§ **Data supplied**:
<<<<
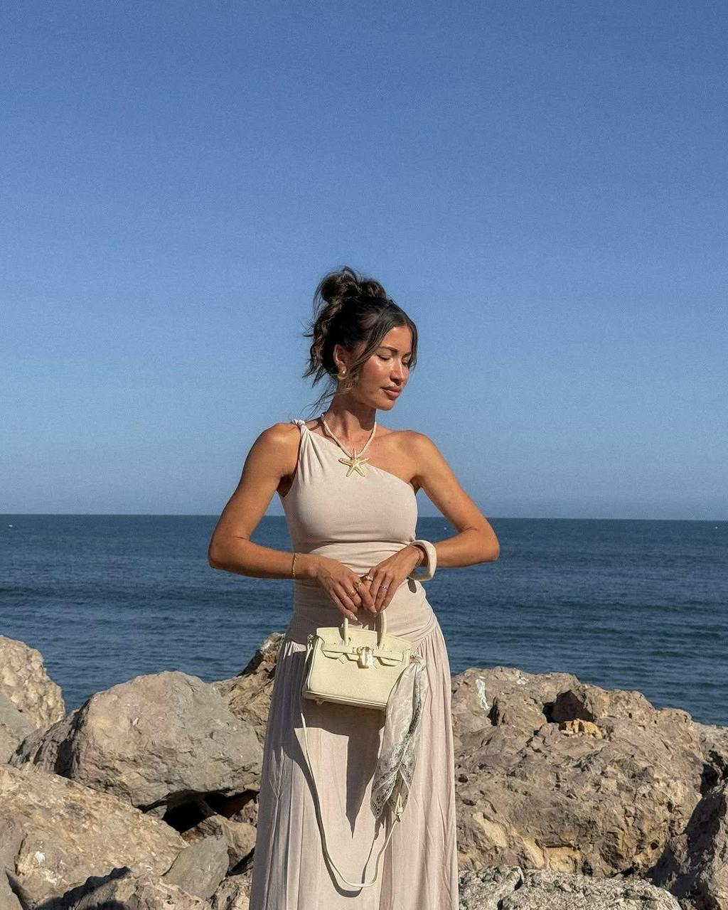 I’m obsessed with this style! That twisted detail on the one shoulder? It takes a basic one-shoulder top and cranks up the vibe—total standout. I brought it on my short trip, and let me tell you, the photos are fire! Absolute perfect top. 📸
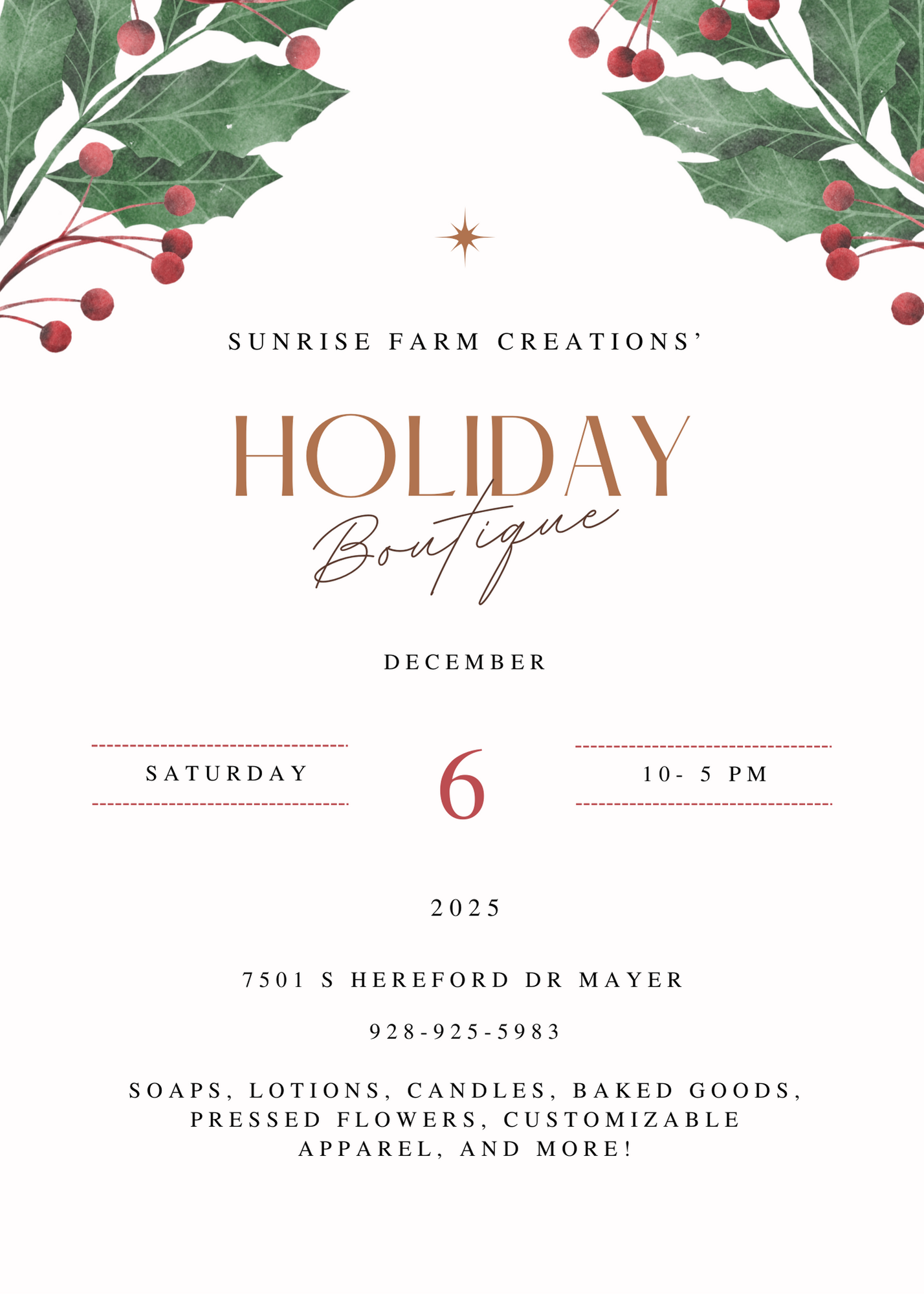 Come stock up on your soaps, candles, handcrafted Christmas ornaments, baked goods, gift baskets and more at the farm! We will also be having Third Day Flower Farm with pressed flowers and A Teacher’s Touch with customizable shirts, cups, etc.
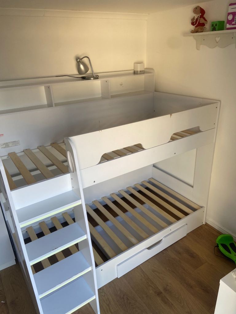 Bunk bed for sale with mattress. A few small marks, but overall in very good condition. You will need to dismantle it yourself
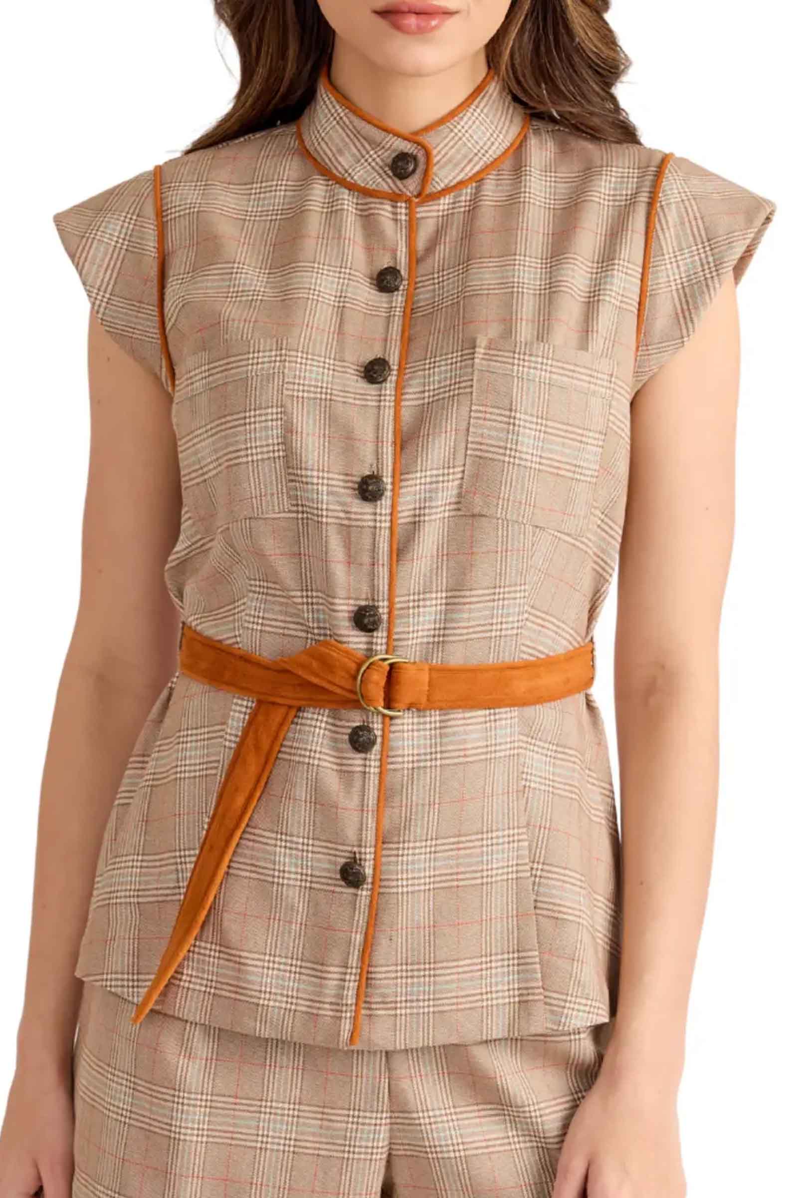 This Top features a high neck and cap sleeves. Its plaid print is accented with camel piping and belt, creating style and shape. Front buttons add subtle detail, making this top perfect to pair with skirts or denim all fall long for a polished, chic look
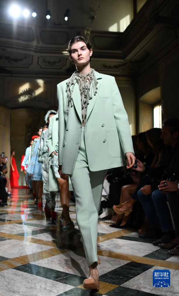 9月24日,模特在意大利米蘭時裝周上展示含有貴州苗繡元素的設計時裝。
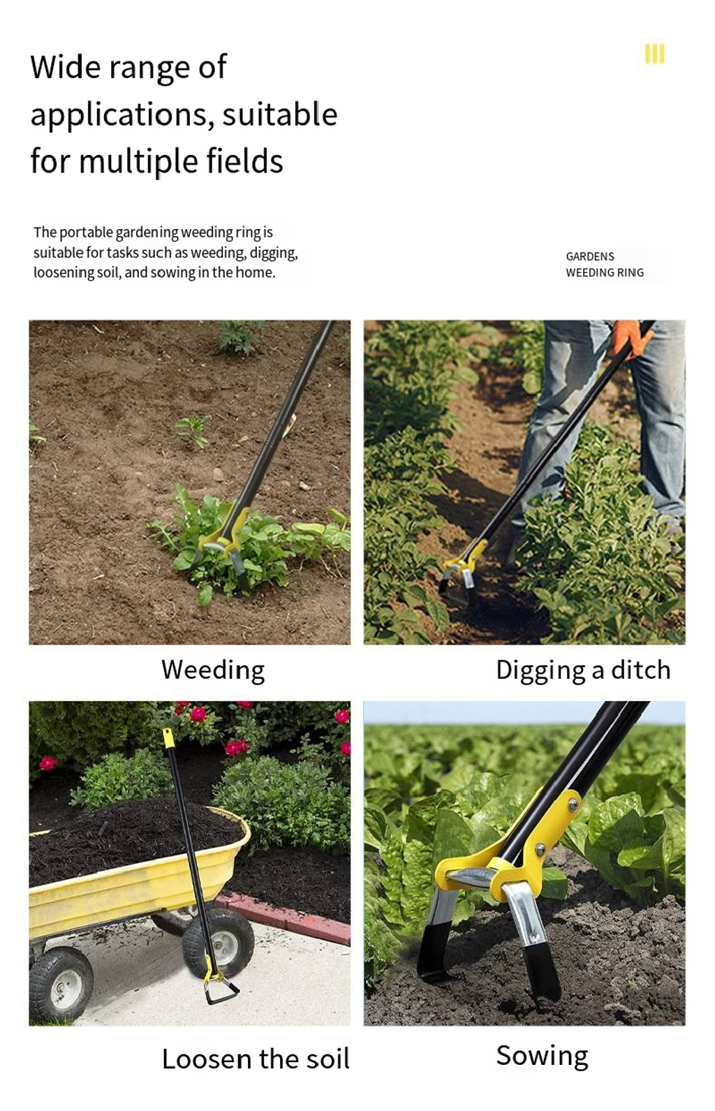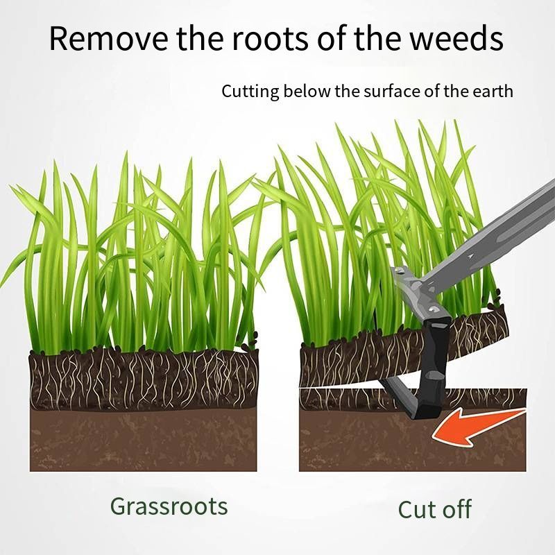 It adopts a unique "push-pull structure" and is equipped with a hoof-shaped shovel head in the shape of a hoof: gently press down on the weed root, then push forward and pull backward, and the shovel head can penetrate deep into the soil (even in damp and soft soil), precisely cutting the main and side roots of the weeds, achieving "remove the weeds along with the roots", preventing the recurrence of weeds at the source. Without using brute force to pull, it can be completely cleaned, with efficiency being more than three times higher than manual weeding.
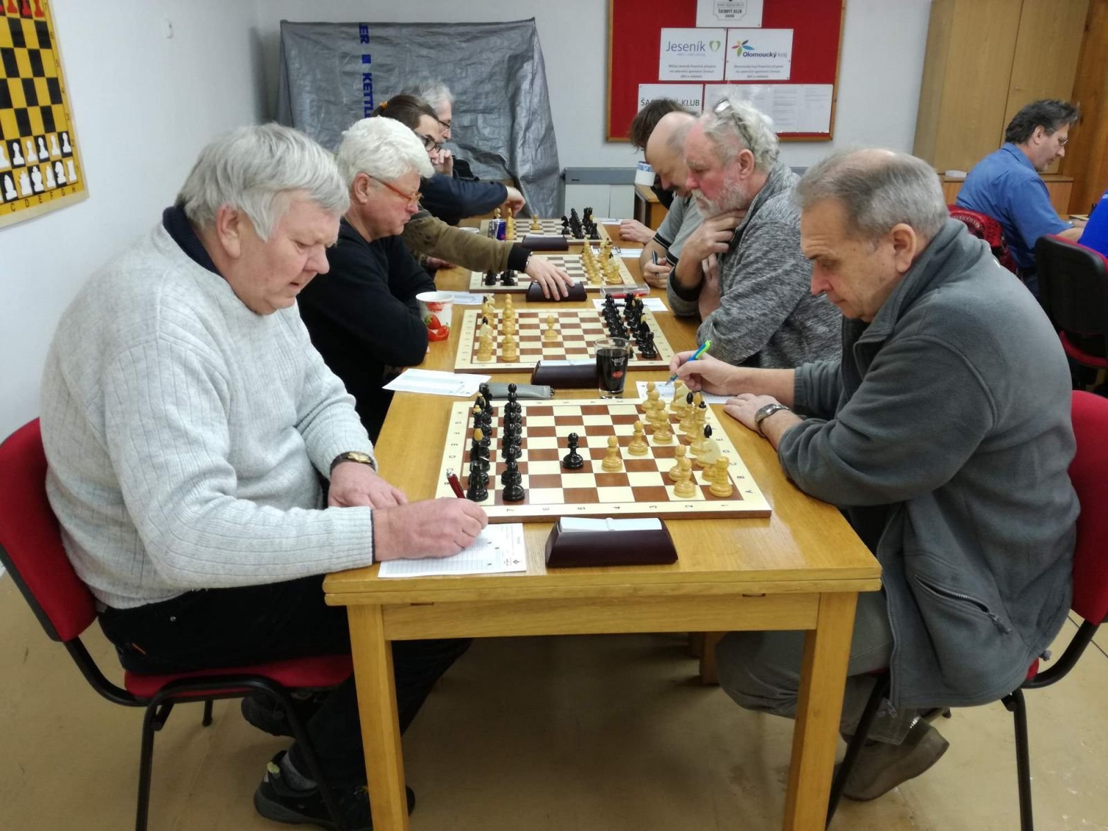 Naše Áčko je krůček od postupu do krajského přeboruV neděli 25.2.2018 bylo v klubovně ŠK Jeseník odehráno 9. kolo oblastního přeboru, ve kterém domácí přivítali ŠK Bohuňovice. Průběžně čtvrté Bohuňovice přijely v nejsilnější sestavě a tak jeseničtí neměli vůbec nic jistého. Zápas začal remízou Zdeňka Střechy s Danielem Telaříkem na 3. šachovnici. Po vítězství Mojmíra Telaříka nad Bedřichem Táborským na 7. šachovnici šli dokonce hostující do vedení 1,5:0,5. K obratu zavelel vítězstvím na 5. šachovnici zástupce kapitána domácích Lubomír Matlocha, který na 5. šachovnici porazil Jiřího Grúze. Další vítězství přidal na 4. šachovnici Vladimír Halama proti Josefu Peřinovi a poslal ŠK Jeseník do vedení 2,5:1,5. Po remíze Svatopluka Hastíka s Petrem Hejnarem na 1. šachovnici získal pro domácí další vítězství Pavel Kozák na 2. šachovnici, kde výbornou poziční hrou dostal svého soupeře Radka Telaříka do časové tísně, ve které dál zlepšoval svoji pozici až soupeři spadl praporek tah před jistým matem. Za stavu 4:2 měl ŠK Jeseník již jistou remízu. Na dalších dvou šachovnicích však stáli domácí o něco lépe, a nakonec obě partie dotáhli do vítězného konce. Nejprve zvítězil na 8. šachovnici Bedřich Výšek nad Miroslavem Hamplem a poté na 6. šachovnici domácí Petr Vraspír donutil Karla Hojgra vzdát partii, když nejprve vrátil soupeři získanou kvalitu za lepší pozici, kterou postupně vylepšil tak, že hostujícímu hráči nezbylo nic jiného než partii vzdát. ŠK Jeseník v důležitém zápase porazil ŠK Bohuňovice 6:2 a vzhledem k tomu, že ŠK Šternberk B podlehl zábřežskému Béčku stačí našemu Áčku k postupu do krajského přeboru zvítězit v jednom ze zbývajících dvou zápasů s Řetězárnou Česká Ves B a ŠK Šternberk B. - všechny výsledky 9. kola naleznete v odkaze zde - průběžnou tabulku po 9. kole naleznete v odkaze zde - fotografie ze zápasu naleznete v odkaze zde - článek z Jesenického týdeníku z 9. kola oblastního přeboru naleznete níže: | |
>>>>
§ **Your assignment**: Without including a single picture, restate all of the data word for word.

§ **Exercise response**:
 I’m obsessed with this style! That twisted detail on the one shoulder? It takes a basic one-shoulder top and cranks up the vibe—total standout. I brought it on my short trip, and let me tell you, the photos are fire! Absolute perfect top. 📸
 Come stock up on your soaps, candles, handcrafted Christmas ornaments, baked goods, gift baskets and more at the farm! We will also be having Third Day Flower Farm with pressed flowers and A Teacher’s Touch with customizable shirts, cups, etc.
 Bunk bed for sale with mattress. A few small marks, but overall in very good condition. You will need to dismantle it yourself
 This Top features a high neck and cap sleeves. Its plaid print is accented with camel piping and belt, creating style and shape. Front buttons add subtle detail, making this top perfect to pair with skirts or denim all fall long for a polished, chic look
 9月24日,模特在意大利米蘭時裝周上展示含有貴州苗繡元素的設計時裝。
 It adopts a unique "push-pull structure" and is equipped with a hoof-shaped shovel head in the shape of a hoof: gently press down on the weed root, then push forward and pull backward, and the shovel head can penetrate deep into the soil (even in damp and soft soil), precisely cutting the main and side roots of the weeds, achieving "remove the weeds along with the roots", preventing the recurrence of weeds at the source. Without using brute force to pull, it can be completely cleaned, with efficiency being more than three times higher than manual weeding.
 Naše Áčko je krůček od postupu do krajského přeboruV neděli 25.2.2018 bylo v klubovně ŠK Jeseník odehráno 9. kolo oblastního přeboru, ve kterém domácí přivítali ŠK Bohuňovice. Průběžně čtvrté Bohuňovice přijely v nejsilnější sestavě a tak jeseničtí neměli vůbec nic jistého. Zápas začal remízou Zdeňka Střechy s Danielem Telaříkem na 3. šachovnici. Po vítězství Mojmíra Telaříka nad Bedřichem Táborským na 7. šachovnici šli dokonce hostující do vedení 1,5:0,5. K obratu zavelel vítězstvím na 5. šachovnici zástupce kapitána domácích Lubomír Matlocha, který na 5. šachovnici porazil Jiřího Grúze. Další vítězství přidal na 4. šachovnici Vladimír Halama proti Josefu Peřinovi a poslal ŠK Jeseník do vedení 2,5:1,5. Po remíze Svatopluka Hastíka s Petrem Hejnarem na 1. šachovnici získal pro domácí další vítězství Pavel Kozák na 2. šachovnici, kde výbornou poziční hrou dostal svého soupeře Radka Telaříka do časové tísně, ve které dál zlepšoval svoji pozici až soupeři spadl praporek tah před jistým matem. Za stavu 4:2 měl ŠK Jeseník již jistou remízu. Na dalších dvou šachovnicích však stáli domácí o něco lépe, a nakonec obě partie dotáhli do vítězného konce. Nejprve zvítězil na 8. šachovnici Bedřich Výšek nad Miroslavem Hamplem a poté na 6. šachovnici domácí Petr Vraspír donutil Karla Hojgra vzdát partii, když nejprve vrátil soupeři získanou kvalitu za lepší pozici, kterou postupně vylepšil tak, že hostujícímu hráči nezbylo nic jiného než partii vzdát. ŠK Jeseník v důležitém zápase porazil ŠK Bohuňovice 6:2 a vzhledem k tomu, že ŠK Šternberk B podlehl zábřežskému Béčku stačí našemu Áčku k postupu do krajského přeboru zvítězit v jednom ze zbývajících dvou zápasů s Řetězárnou Česká Ves B a ŠK Šternberk B. - všechny výsledky 9. kola naleznete v odkaze zde - průběžnou tabulku po 9. kole naleznete v odkaze zde - fotografie ze zápasu naleznete v odkaze zde - článek z Jesenického týdeníku z 9. kola oblastního přeboru naleznete níže: | |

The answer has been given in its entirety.